Хмыкнул, признаваясь:

- Согласен, но для меня привычнее те, что за окном.

- Вы здесь выросли, - переводя взгляд с одного цветка на другой, узнавая сорта, и знакомясь заново с теми, которые видела только на картинках в справочниках или засушенными в гербарии, что хранился в лаборатории зельеваренья.

В душе клубилась ядовитая обида и горечь, но главенствующая роль принадлежала любопытству и восхищению. А ещё ностальгии - светлой, незамутнённой горестями и проблемами.

- Да, - откликнулся тихо. - Откуда ты родом?

- Рэмот, - не задумываясь, ответила, и пояснила: - Это небольшой городок на юге.

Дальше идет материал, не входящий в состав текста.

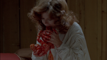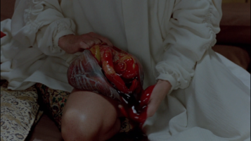 La mujer rompe la membrana para que nazca otro niño monstruoso mientras el doctor rescata a la niña en la escena a la vez más zoe y más gore de la película para lamer inmediatamente y limpiar al nuevo ser.
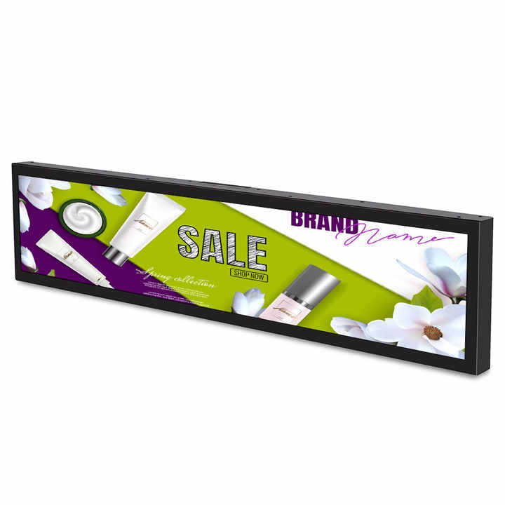 Pantalla LCD Android al por mayor de fábrica VETO, pantalla publicitaria ancha tipo barra, CMS gratuito para uso en interiores
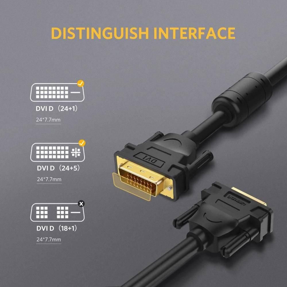 DVI კაბელი 2 მ, UGREEN DV101 (11604) DVI-D 24+1 Male to Male Dual Link ვიდეო კაბელი, შავი.
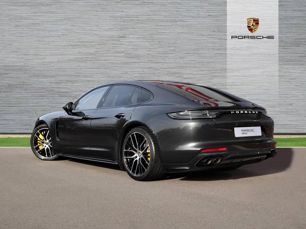Porsche Panamera Turbo S PDK 4.0. Panoramic Sunroof. 21-inch Panamera Exclusive Design sport wheels painted in Jet Black metallic. Burmester System. ParkAssist including Surround View. Cruise Control. Heated Sports steering wheel. Massage function (front) including seat ventilation (front and rear). 4-zone climate control.
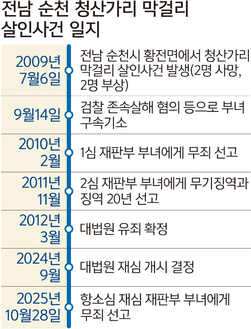 광주고법 형사2부(재판장 이의영 고법판사)는 이날 살인 및 존속살인 등 혐의로 기소된 백씨와 딸의 항소심 재심에서 피고인들에게 각각 무기징역과 징역 20년을 선고했던 원심을 파기하고 무죄를 선고했다. 청산가리 막걸리 살인 사건은 2009년 7월6일 전남 순천시의 한 마을에서 독극물인 청산가리가 섞인 줄 모르고 막걸리를 나눠 마신 주민 4명 중 2명이 숨지고 2명이 다친 사건이다. 범인으로 지목된 백씨 부녀는 숨진 피해자 가운데 1명인 최모씨의 남편과 친딸이다.
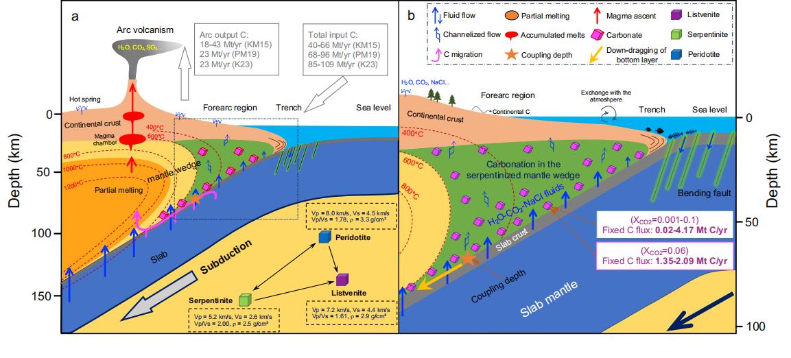 图2. 俯冲带弧前地幔楔中的蛇纹岩碳酸盐化 (Wu et al., 2025 GCA)
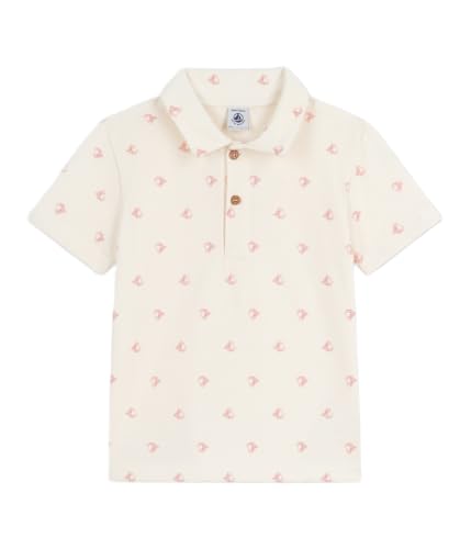 Petit Bateau Kortärmad bomullspolo för barn med tryck, Mjölk/Pompei, 5 �r
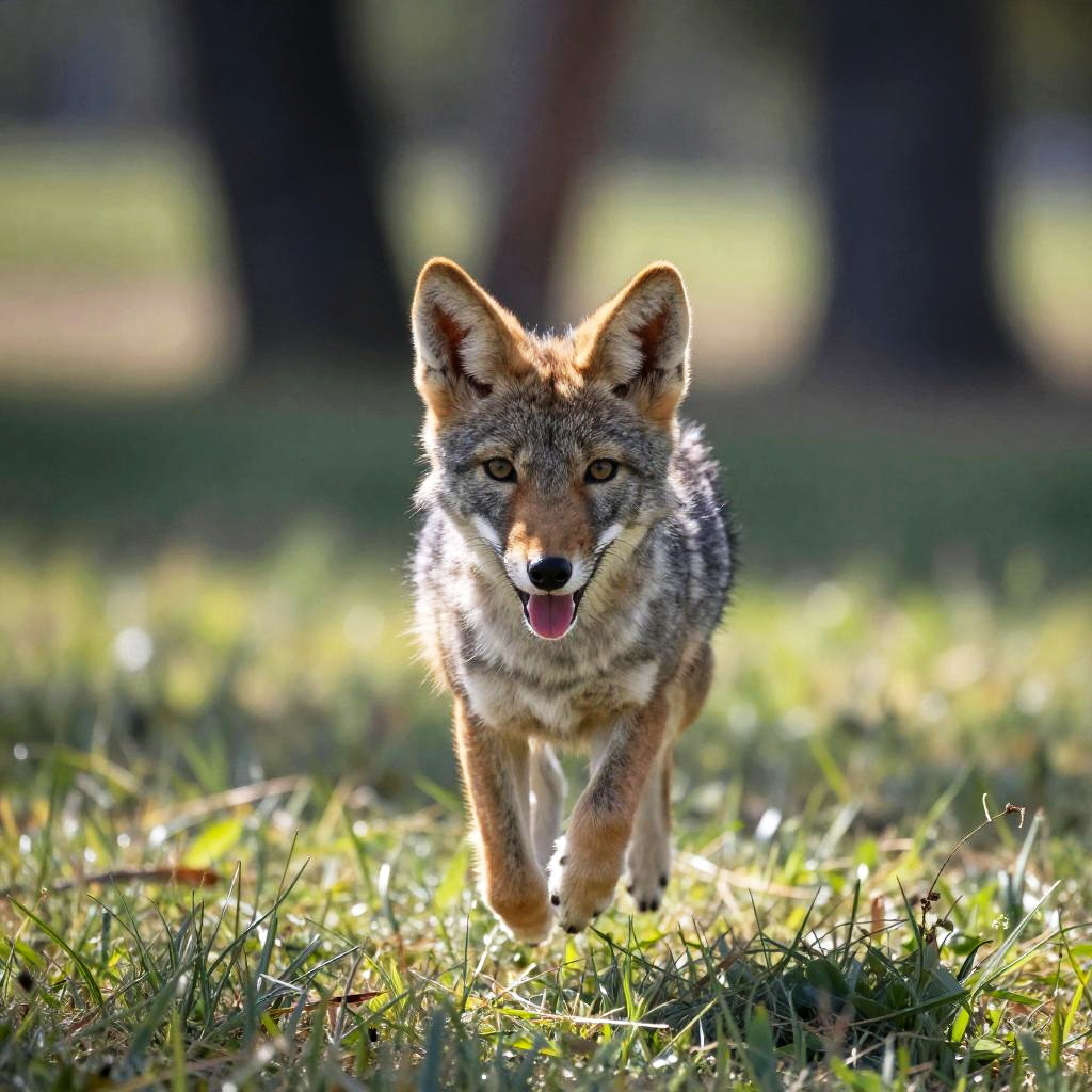 Wildlife Photography 8k photo captured with a high end 80mm lens and a soft focus filter, cool tones, playful coyote pup, small and playful, sandy-gray coat with faint reddish highlights, oversized ears, curious amber eyes, slightly ruffled fur, mid-leap with tongue out, sunlit grass and dappled light enjoying a sunny day at the park, tall trees and green grass in the background, natural light should illuminate the scene, with a gentle fill flash to accentuate the dog's features,
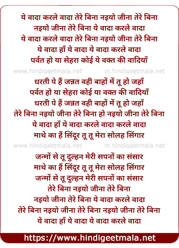 ye wada karle wada tere bina naiyo jina tere bina
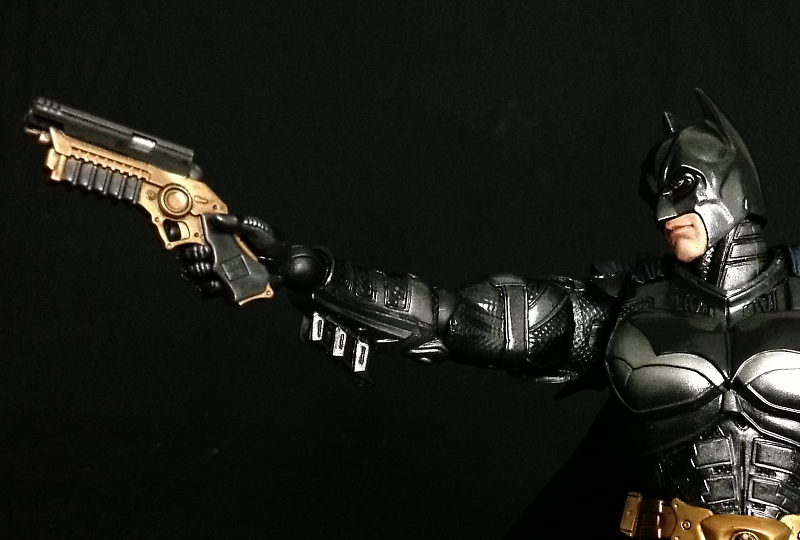 Figures.com reporter Jorge Pelaez has been given a early look at Square Enix's San Diego Comic-Con 2013 exclusive: a Play Arts Kai Batman, re-imagined in a metallic black finish. This 10-inch tall exclusive figure, based on Batman's look in The Dark Knight Rises, is priced at $64.99 and limited to only 1000 pieces created. The figure comes with alternate sets of hands, various weapons, and a display stand.
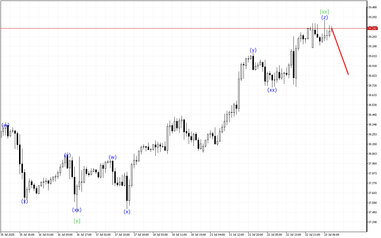 Trong cấu trúc sóng cấp thấp hơn, có thể thấy sự phát triển của mô hình Triple Three. Sóng (z) đang dần hoàn tất trong cấu trúc này. Trong bối cảnh đó, quá trình điều chỉnh có thể sắp kết thúc và một chuyển động có xu hướng rõ ràng hơn được kỳ vọng sẽ bắt đầu.

Перед глазами распростёрлась картина: залитая солнцем зеркальная гладь воды - яркая, слепящая, но при этом завораживающая. И пушистые клумбы, что заполонили разнообразные цветы. Бабушка любила, когда с рассветом в окна дома вместе со свежим бризом врывался ароматный шлейф запахов.

Приехав поступать в академию, я долго привыкала к дождливой осени и необходимости кутаться в плащи и полушубки.

- Скучаешь? - задумалась так, что не заметила, как мужчина подошёл совсем близко.

Пожала плечами, чувствуя неловкость:

- Сейчас уже нет, я давно там не была.

И желания не возникало - ни к чему это, только ворошить прошлое, вскрывая зажившие раны.

- Оранжерея всегда открыта, ты можешь приходить сюда, когда захочешь, - профессор стоял на расстоянии вытянутой руки, поймав мой взгляд и не желая отпускать.

Почему в его глазах растаяла пугающая меня холодность? И почему в них мелькает... сожаление?

- Да, кхм, - спрятала руки за спину, - спасибо.

- Я подумаю, как можно повлиять на Тиану, - слова прозвучали серьёзно, искренне, и я ему поверила.

И ещё поняла, что зря полезла с нравоучениями к девушке. Когда же я повзрослею и перестану бросаться в бой без должной подготовки?

***

На первый этаж мы спустились вместе, затем Винсент ушёл, сославшись на дела. Вернувшись в аудиторию, забрала журнал, конспект с сеткой занятий и тесты.

По пути в преподавательский корпус шла, чувствуя лишь отголоски неприятный эмоций. Но и они меркли, когда вспоминала тёплый взгляд, без привычной насмешки и превосходства. Оказывается, Райт умеет быть добрым и обходительным.

А в комнате вернулась к работе. И чем больше листов я проверяла, тем мрачнее становилась - знания ребят были даже не на нулевом уровне, а в глубоком минусе.